For TC intensity, our primary analysis uses MSLP. Since MSLP data are missing for some instances, we use the average of MSLP values that are recorded over the time window from 18 h prior to the surge maximum to 6 h post surge maximum. This choice of timing is motivated by the results of Needham and Keim (2014), who found storm surge best correlates with TC winds 18 h prior to landfall. Additionally, we tested different time windows, shifting it forward or backward in time relative to the time of the surge maximum, including 24 h prior to 12 h post, 12 h prior to 6 h post, and 6 h prior to 6 h post, and found the correlation between surge and MSLP for each time window does not vary significantly. The time window from 18 h prior to 6 h post displayed the highest correlation and was thus chosen as the time window to average TC characteristics over. Hereafter, this will be referenced with respect to other variables throughout this analysis as the time-averaging technique. If there are no recorded MSLP values during this time-averaging window, we remove the TC from our analysis. Table 1 indicates the number of TCs within 500 km for each site before and after we remove those TCs from our analysis. We also analyzed the maximum surface wind speed as a measure of TC intensity but found that wind speed and MSLP are highly correlated (Fig. S1), and thus, we just consider MSLP as a measure of TC intensity for this analysis.

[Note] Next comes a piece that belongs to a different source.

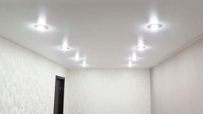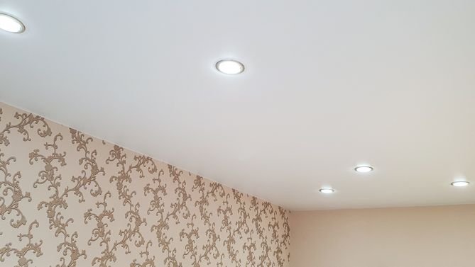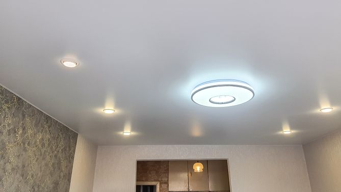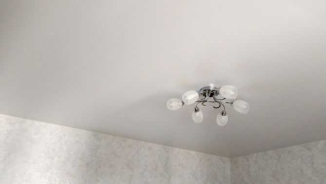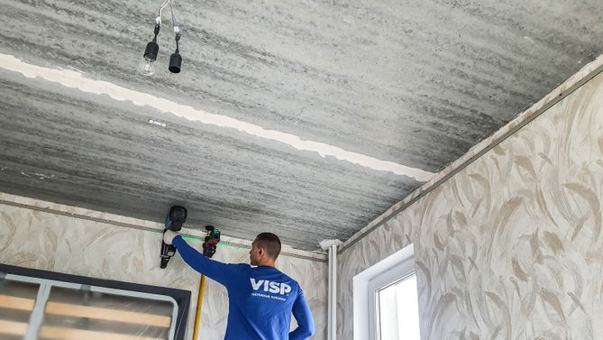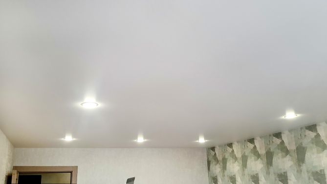 Монтаж потолка в гостиной 14 м2, полотно VISP M9001 (2.60)

For the calculation of TC path angle, we calculate the change in latitude and longitude between time steps separated by five time steps along the track of the TC. This method allows us to examine the change in the direction of the TC over a longer period of time as opposed to between consecutive time steps. The atan2d function in MATLAB is then utilized to find the TC path angle, as this function returns the four-quadrant inverse tangent. The TC path angles range from 0 or 360∘ (eastward) to 90∘ (northward) to 180∘ (westward) to 270∘ (southward). Examples of TC tracks and their respective path angles for New York, NY, and Charleston, SC, are shown in Fig. 1. The TC path angles are not grouped relative to the site of the tide gauge; rather they are relative to the direction the TC is moving around the time of the surge maximum. For both New York and Charleston, the majority of TCs propagate toward the northeast around the time of the surge maximum, though there are many TCs that also move toward the northwest in Charleston.
Propagation speed is calculated using the distance traveled per 6-hourly time step based on great circles. We then apply the time-averaging technique. For the data that we analyzed, however, the relationship between the surge maximum and TC propagation speed is negligible and is not included in this analysis. This does not mean that propagation speed does not have some physical impact on the surge generated by a TC, but rather that its sole influence on surge is more complex compared to the other variables that influence surge.
The second part of this analysis examines the exceedance probability of a storm surge event through calculating the storm surge heights for various return periods at each site. Surge return levels are calculated using a peaks-over-threshold method (Coles, 2001) by fitting a generalized Pareto distribution (GPD) to the top 1 % of daily storm surge events at each location. Before performing the fitting to the GPD, the events over the threshold are de-clustered using a 2 d window, so we satisfy the assumption of independence (e.g., Wahl et al., 2017). Return levels at 1-, 2-, 5-, 10-, and 25-year intervals are determined from the GPD and are included in Table 3. The likelihood that a TC meets certain criteria (i.e., TC proximity of within 500 km of a location) and produces storm surge exceeding the threshold associated with a 1-year return level is examined through a probabilistic analysis.
Section 3.1 examines the correlation between storm surge and TC characteristics individually, combined, and through conditional sorting. Section 3.2 assesses the probabilities associated with TCs producing storm surge exceeding the 1-year return level given certain TC characteristics.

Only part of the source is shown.